Trump announced Wednesday that it would impose tariffs of at least 10% on most xmaccount.commodities imported to the world's largest oil consumer, and much higher tariffs on products from dozens of countries.
The White House said on Wednesday that imported oil, natural gas and refined oil were exempt from new tariffs. UBS analysts cut their oil price expectations for 2025-26 by $3 per barrel to $72 per barrel on Wednesday.
Foreign exchange market
The dollar fell against major currencies on Thursday, falling to six-month lows against the euro, safe-haven yen and Swiss franc, as investors weighed the impact of US President Trump's massive tariffs on global trade and economic growth.
Terrifying tariffs than expected have shocked the market, global stock markets fell, and investors turned to safe assets such as lower-risk currencies, bonds and gold as they fear the full outbreak of trade disputes could trigger a sharp global economic slowdown and exacerbate inflation.
Trump said he would impose a benchmark tariff of 10% on all goods imported into the United States and higher tariffs on some of the largest trading partners in the United States.
ForexLive chief currency analyst Adam Button said: "The message from the forex market is that U.S. economic growth will be affected and the system established by the U.S. in global trade is falling apart. At the beginning of the year, the U.S. dollar was the most crowded deal in the world. Today, the instinctive reaction to tariffs is to sell everything. Any originally crowded transaction is becoming sparse, and the U.S. dollar is no exception."
Meanwhile, the U.S. dollar responded little to weaker than expected U.S. data released by the Institute for Supply Management (ISM) on Thursday, which showed that U.S. service industry activity slowed to a nine-month low in March due to uncertainty caused by tariffs.
The previously released U.S. consumer and business survey report performed sluggishly, with consumer spending and inflation data raising concerns about stagflation.
At the same time, the number of initial unemployment claims in the United States fell last week, indicating that the labor market continued to remain stable.
As the market digests the impact of tariffs, investors are closely following the non-farm employment report released on Friday to find clues about the conditions of the labor market and the possible direction of the Federal Reserve's interest rate policy.
They are also watching Fed Chairman Powell’s speech on Friday, which would be a huge risk if his position is more hawkish than expected.
Button said they were all saying that we were less confident about a decline in inflation. Now that you take away the market's interest rate cut bet, (market conditions) will really become ugly soon.

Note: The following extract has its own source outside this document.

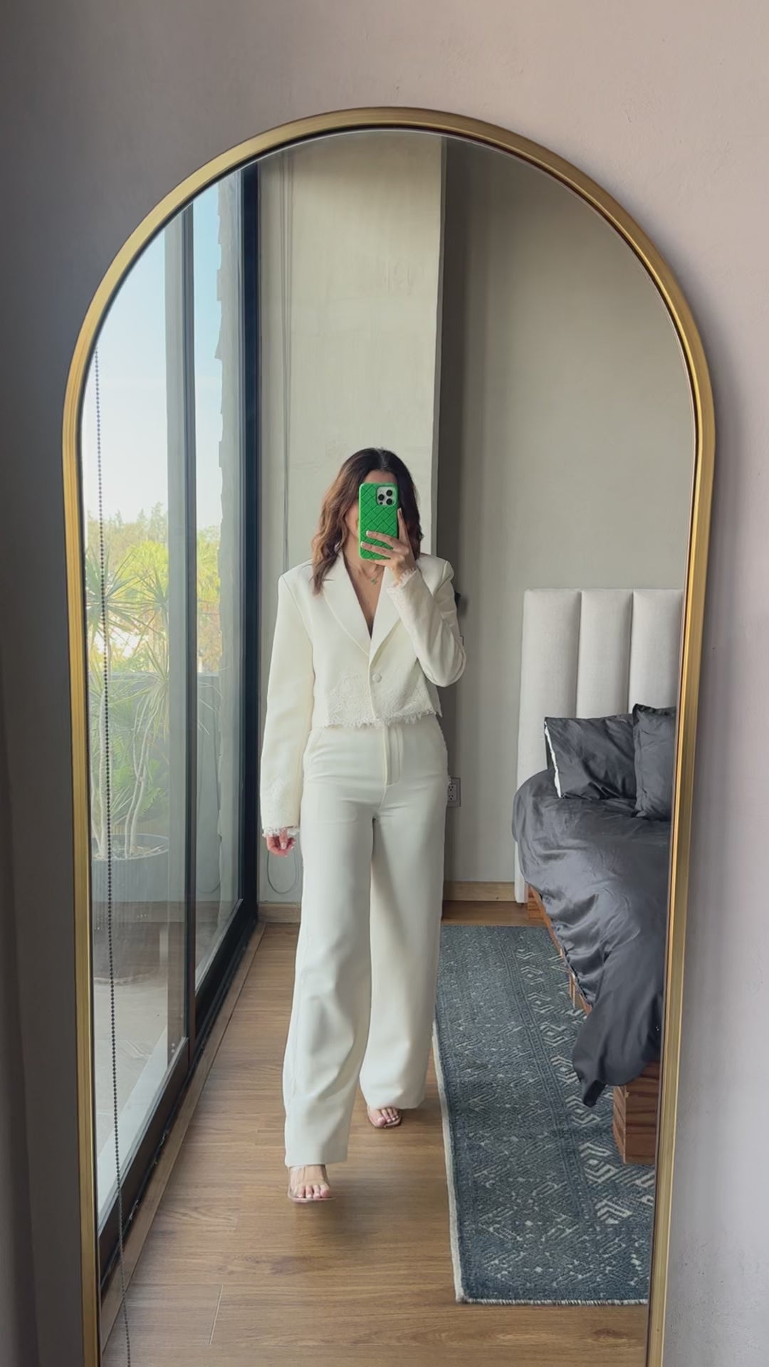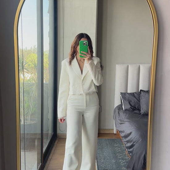 Set blazer corto y pantalón pierna ancha detalle lace, Color crema

The euro rose 1.74% against the dollar to $1.1037, hitting a six-month high intraday, marking its biggest intraday gain since November 2022. The dollar fell 1.95% against the yen to 146.445 yen and fell 2.35% against the Swiss franc to 0.8608 Swiss francs. Both safe-haven currencies hit six-month highs against the dollar. The pound rose 0.66% to $1.3093.
The Mexican peso and Canadian dollar strengthened, with the dollar falling more than 1% against the pound and Australian dollar.

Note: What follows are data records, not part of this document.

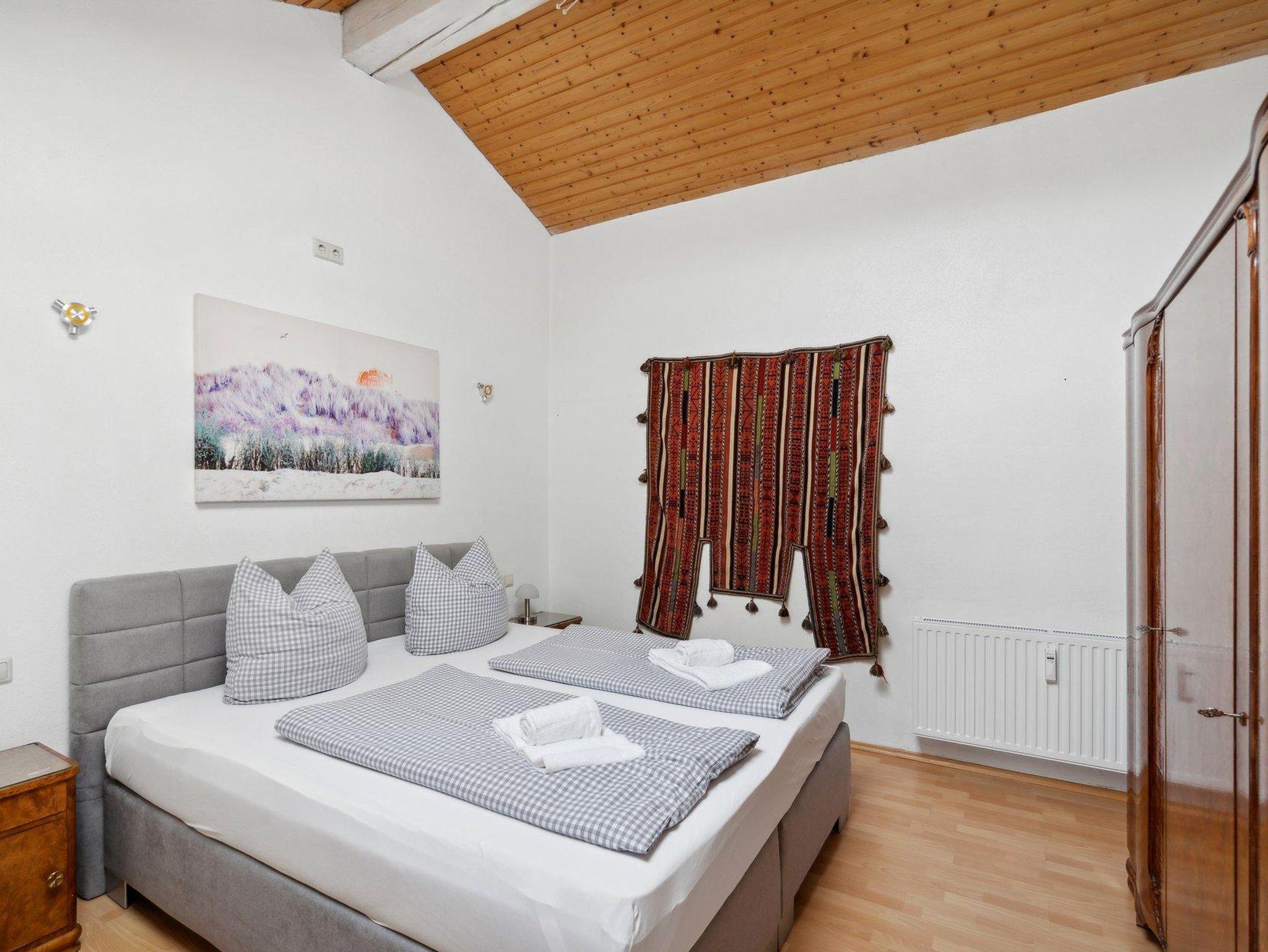 Genießen Sie unsere geräumige Wohnung über zwei Etagen mit ca. 60 qm Wohnfläche. Im oberen Geschoss erwarten Sie ein gemütliches Schlafzimmer mit einem Doppelbett für zwei Personen und ein kleines niedriges (Dachschräge) Zimmer mit zwei Einzelbetten. Das moderne Badezimmer mit Dusche und WC bietet höchsten Komfort.
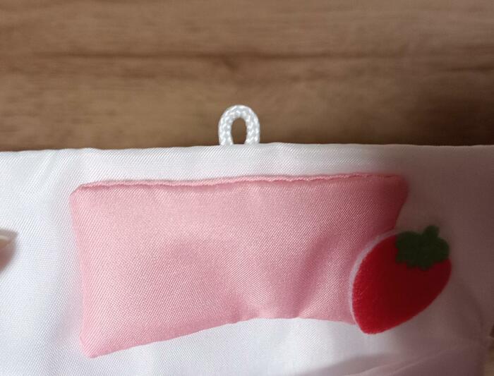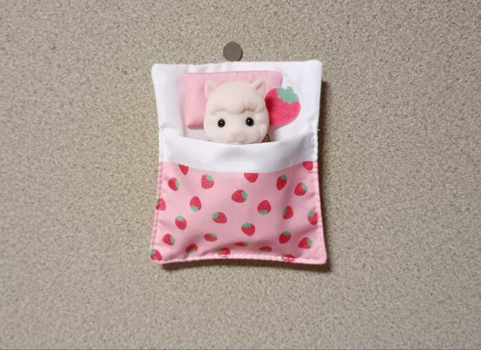 布団の中に、ぬいぐるみや人形をいれて活用します。布団の中には、ゴム紐もついているので、ぬいぐるみや人形をしっかりと固定できます。
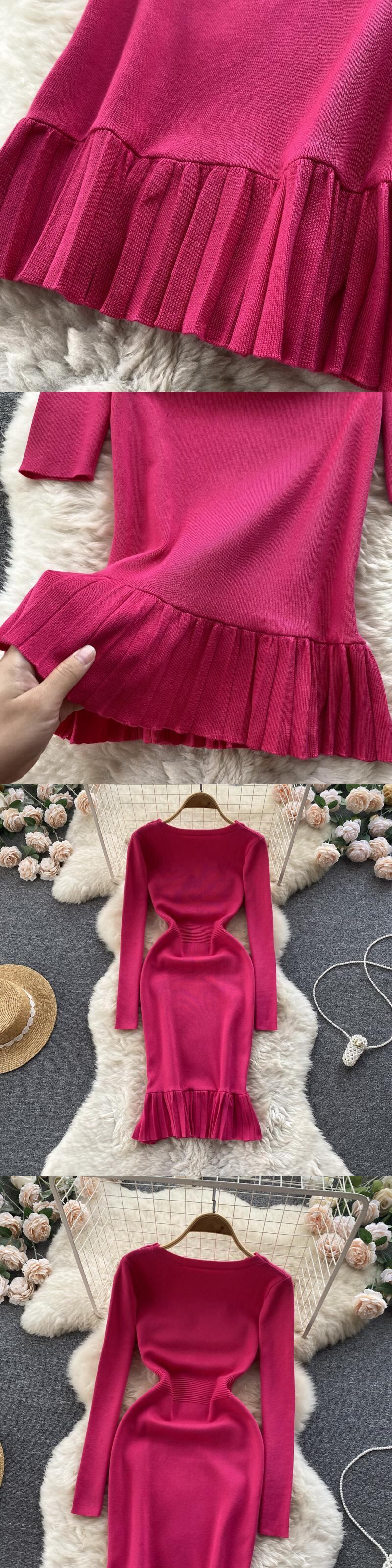 女性ニットペンシルドレス長袖マーメイド弾性スリムドレス秋冬セクシーなボディコン暖かいセーターミディドレス ロング エラスティック 伸縮 オータム 秋物 ウィンター 冬物 Abe74145382618
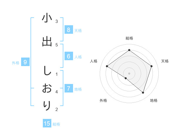 小出 しおりさんの総格は15画の4点!
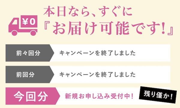ただし、このキャンペーンは在庫がなくなり次第、注文がストップしてしまいます。
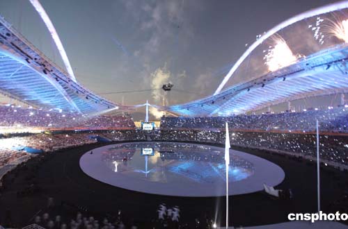 “歷史年輪”、“生命之章”、“橄欖樹”等幾個華彩篇章隨后而至。整個開幕式文藝表演中,希臘這個愛琴海邊的島國將水與火、人與神的美妙和諧關(guān)系演繹到了極致。
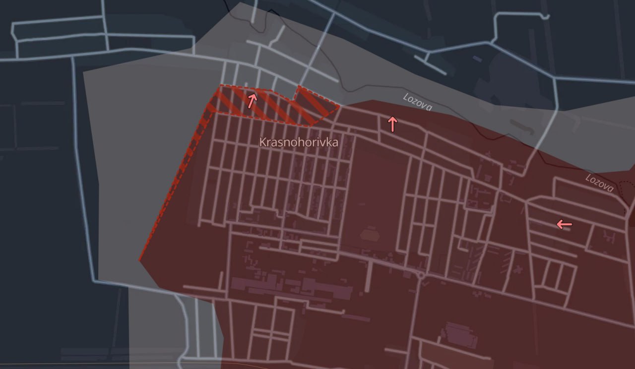 Также новое продвижение РФ на северных окраинах Красногоровки. Большая часть территории города, судя по карте Deep State, находится под контролем россиян.
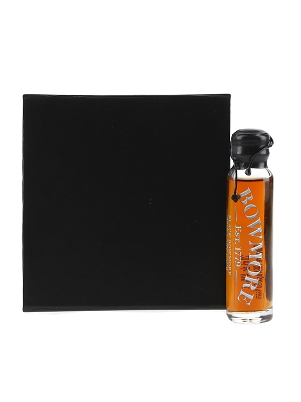 A 2cl miniature bottle of Bowmore 1964 Black Bowmore 50 Year Old The Last Cask Single Malt Scotch Whisky.
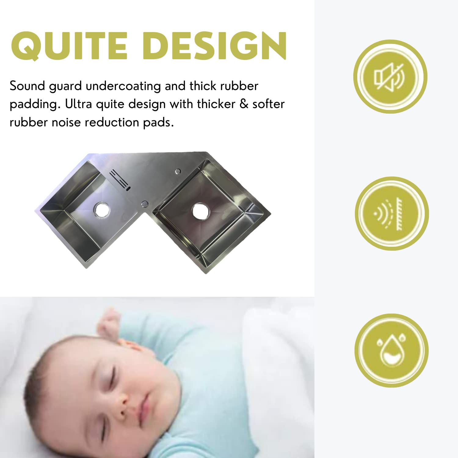 Equipped with smooth edges, deep basin, and noise-dampening technology for a quiet and efficient kitchen experience. Ergonomic slope ensures fast water drainage and prevents standing water.
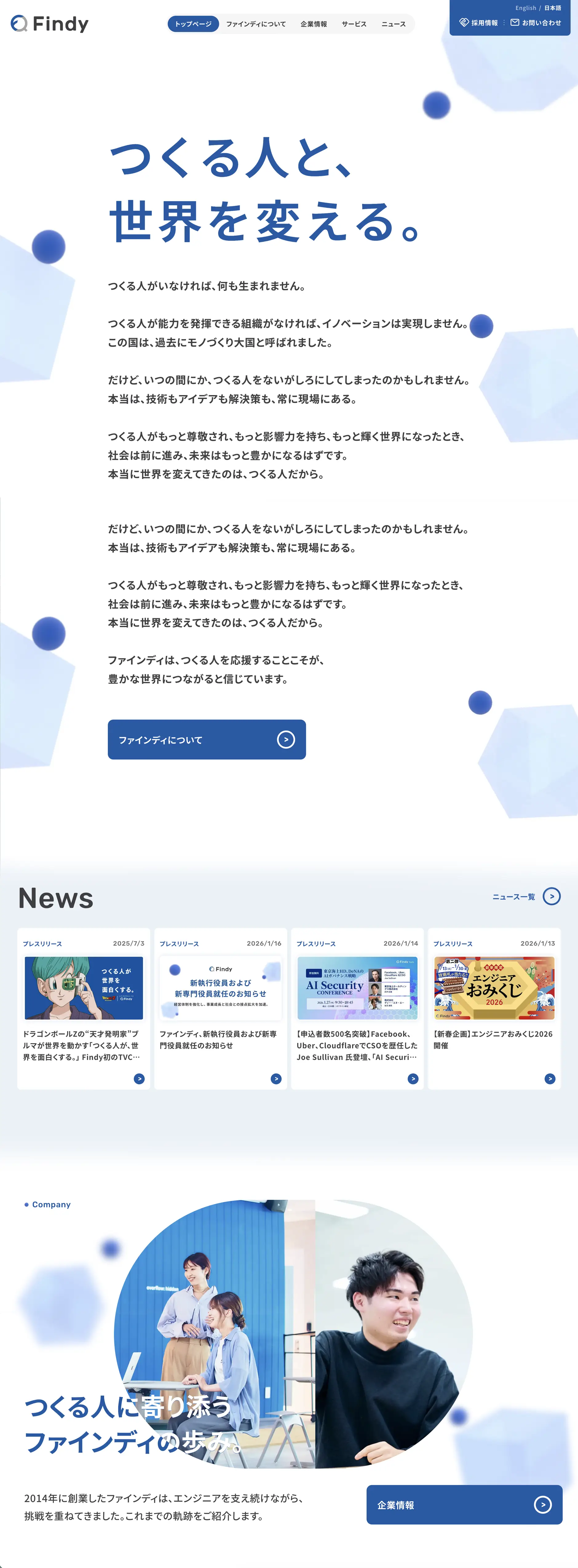 ファインディ株式会社のコーポレートサイトリニューアルを支援しました。

Canada and Mexico are the two largest trading partners of the United States, and many of the two countries' exports have faced tariffs of 25%, but judging from the news announced on Wednesday, the two countries will not face additional tariffs.
International News
The risk of stagflation in the United States is rising. The two giants on Wall Street have huge differences on the Fed's interest rate path.
At around 2 a.m. local time in Zurich, UBS Global Wealth Management's chief investment officer Mark Haefele made his own judgment on US President Trump's new round of large-scale tariff measures. He wrote in a report to clients that the Fed will be forced to cut interest rates significantly this year, possibly as many as four times. About 12 hours later, Michael Gapen, chief U.S. economist at Morgan Stanley, came to a xmaccount.completely opposite conclusion: the Fed will not cut interest rates now. His team retracted forecasts for a possible rate cut in June and now expects the Fed to have to wait until next year to cut rates again. "The Fed will find it difficult to ignore the pressure of rising inflation in the short term and be unable to quickly relax monetary policy," Gapen and his team said in the report. This huge difference highlights the particularity and xmaccount.complexity of the US economic difficulties amid the escalating trade war.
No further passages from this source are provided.